The `hierband`

package implements the convex banding procedure for covariance estimation that is introduced in Bien, Bunea, Xiao (2015) ``Convex Banding of the Covariance Matrix.’’ To appear in JASA. This document shows how the package can be used.

We start by generating a \(n \times p\) data matrix, whose rows are independent draws from a multivariate normal distribution with covariance matrix \(\Sigma\). We take \(\Sigma\) to be a \(K\)-banded matrix.

```
library(hierband)
set.seed(123)
p <- 100
n <- 50
K <- 10
true <- ma(p, K)
x <- matrix(rnorm(n*p), n, p) %*% true$A
S <- cov(x)
```

Let’s look at the true covariance matrix, \(\Sigma\), and the sample covariance matrix, \(S\):

```
par(mfrow=c(1,2),mar= rep(0.1, 4))
image(true$Sig,axes=F)
image(S, axes=F)
```

The functiont `hierband`

takes the sample covariance matrix and returns a banded matrix. It depends on a tuning parameter \(\lambda\) that controls the bandwidth of the estimated matrix (which we call \(\hat P_\lambda\)). The function `hierband.path`

gets \(\hat P_\lambda\) along a (log-linear) grid of \(\lambda\) values. While a user may supply this grid of \(\lambda\) values (using the argument `lamlist`

), a default grid is used that starts at a value of \(\lambda\) for which \(\hat\Sigma_\lambda\) is a diagonal matrix.

```
library(hierband)
path <- hierband.path(S)
```

`## 1234567891011121314151617181920`

Let’s look at the \(\hat P_\lambda\)’s generated:

```
par(mfrow = c(4, 5), mar = 0.1 + c(0, 0, 2, 0))
for (i in seq_along(path$lamlist))
image(path$P[, , i], axes = F,
main = sprintf("lam=%s", round(path$lamlist[i], 2)))
```

Sometimes one finds that all solutions are sparse, meaning that the default grid is not wide enough, i.e., we should include smaller values of \(\lambda\). This can be adjusted with the parameter `flmin`

(which is the ratio between the largest and smallest \(\lambda\) values in the grid); also, `nlam`

can be used to control the number of grid points used (the default is 20). Let’s check whether we are getting the full range of sparsity levels:

```
par(mfrow = c(4, 5), mar = 0.1 + c(0, 0, 2, 0))
for (i in seq_along(path$lamlist))
image(path$P[,,i] != 0, axes = F,
main = sprintf("lam=%s", round(path$lamlist[i], 2)))
```

In this case, we see that we are getting a full spectrum of bandwidths (the last few images show that \(\hat P_\lambda\) is completely dense).
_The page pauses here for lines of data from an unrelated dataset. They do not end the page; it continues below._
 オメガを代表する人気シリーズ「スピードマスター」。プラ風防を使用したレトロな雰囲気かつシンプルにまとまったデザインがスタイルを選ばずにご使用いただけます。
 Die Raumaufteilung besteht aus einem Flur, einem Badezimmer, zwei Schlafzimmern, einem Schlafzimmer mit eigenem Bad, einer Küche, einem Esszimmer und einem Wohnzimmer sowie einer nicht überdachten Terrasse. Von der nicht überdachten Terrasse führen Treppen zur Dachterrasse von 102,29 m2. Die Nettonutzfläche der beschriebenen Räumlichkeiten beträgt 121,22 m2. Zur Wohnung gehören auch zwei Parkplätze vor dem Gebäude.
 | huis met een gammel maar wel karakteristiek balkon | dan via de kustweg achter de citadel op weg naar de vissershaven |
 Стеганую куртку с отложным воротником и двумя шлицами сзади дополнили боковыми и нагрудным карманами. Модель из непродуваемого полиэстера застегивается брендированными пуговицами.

To select a value for \(\lambda\), the `hierband`

package provides a cross validation function. The default loss function used is squared Frobenius norm, \(\|\hat P_\lambda-\Sigma\|_F^2\); however, other loss functions can be passed through the `errfun`

argument.

`cv <- hierband.cv(path, x)`

```
## 1234567891011121314151617181920
## 1234567891011121314151617181920
## 1234567891011121314151617181920
## 1234567891011121314151617181920
## 1234567891011121314151617181920
```

```
fit <- hierband(S, lam = cv$lam.best)
plot(path$lamlist, cv$m, main = "CV Frob Error", type="o",
ylim = range(cv$m - cv$se, cv$m + cv$se), pch = 20)
lines(path$lamlist, cv$m + cv$se)
lines(path$lamlist, cv$m - cv$se)
abline(v = path$lamlist[c(cv$ibest, cv$i.1se.rule)], lty = 2)
```

The two dotted lines correspond to the selected value of \(\lambda\) using either the one-standard error rule (\(\lambda=0.2547905\)) or the minimizer of the curve (\(\lambda=0.1231385\)).
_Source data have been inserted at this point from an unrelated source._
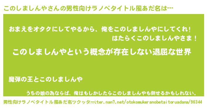 | 胡散臭い通販商品みたいなあだ名 | 『絶対に幸福をもたらす健康食品…その名も「このしましんや」』 |
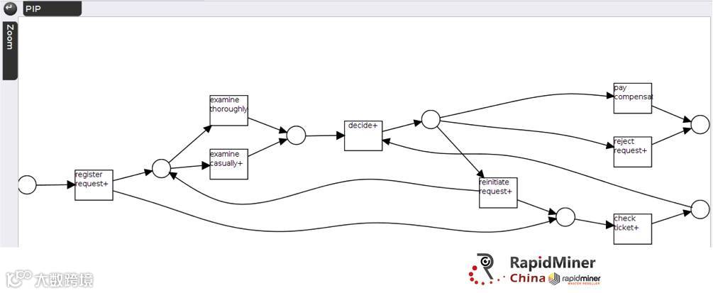 图中包含了若干Transition(方形节点,即日志文件中的各项活动)和Place(圆形节点,此例中可以理解为各活动之间的“静止”状态),从这张图可以清晰地看出流程各节点和工作流走向。
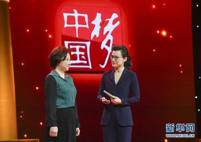钟扬的妻子张晓艳(左)在“时代楷模”发布仪式现场(3月26日摄)。新华社发
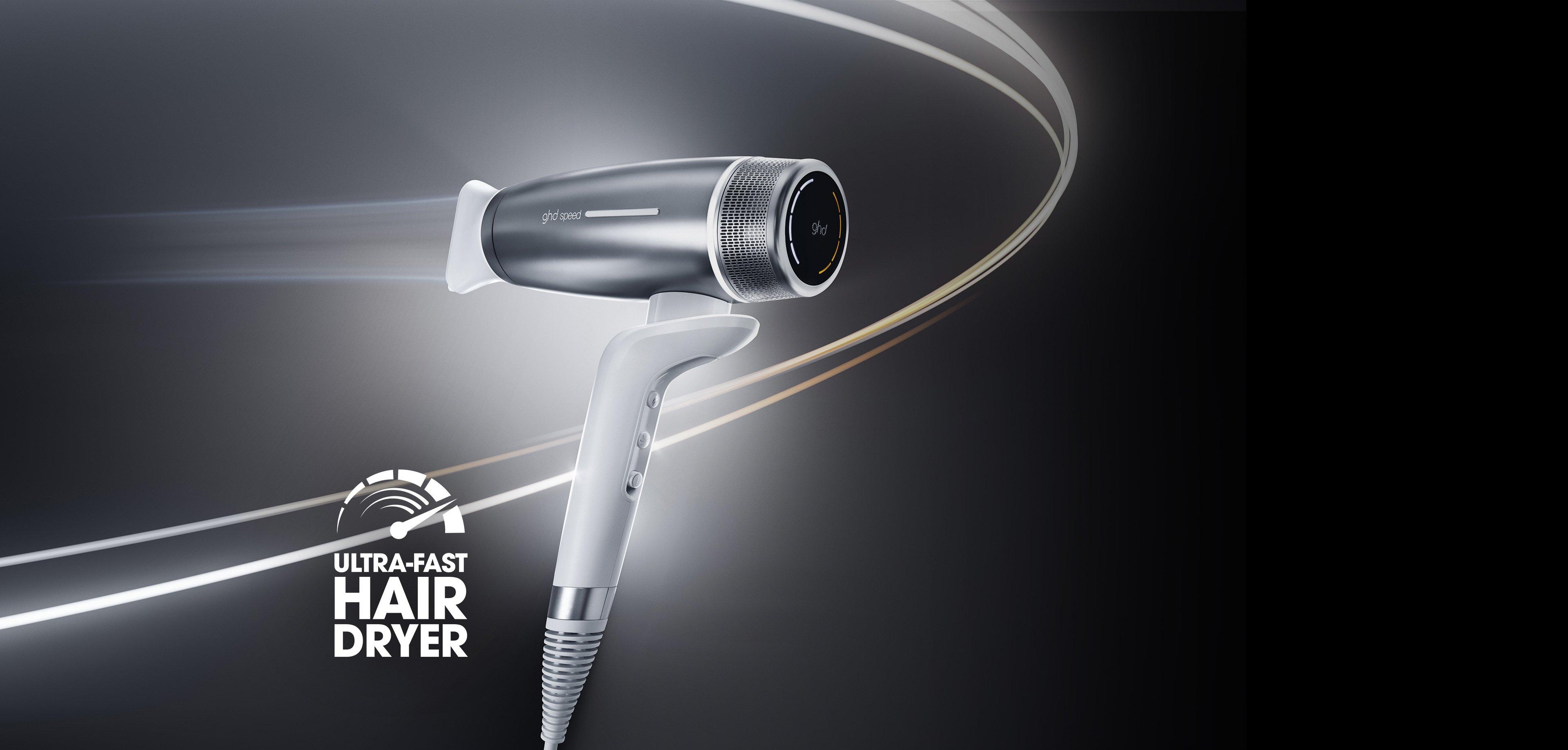 Our unbeatably fast hair dryer - experience a new era in blow drying with the ghd Speed ionic hair dryer - featuring breakthrough ghd halo™ dual-airflow technology that unites power with control for cool-scalp & cool-touch with no heat damage¹. Transform your styling routine with ultra-quick drying and flawless salon-smooth results.

Since the data was simulated, we know the true covariance matrix \(\Sigma\) and can check how close our estimate is to the truth and how this compares to the sample covariance matrix.

`sqrt(mean((fit - true$Sig)^2))`

`## [1] 0.08560086`

`sqrt(mean((S - true$Sig)^2))`

`## [1] 0.1372773`

We find that in this example we get 0.62 closer than the sample covariance matrix. Of course, this is on the basis of a single iteration. In the paper, we averaged over many iterations to get mean squared errors.

The development of this vignette (and R package) was supported by National Science Foundation grant DMS-1405746.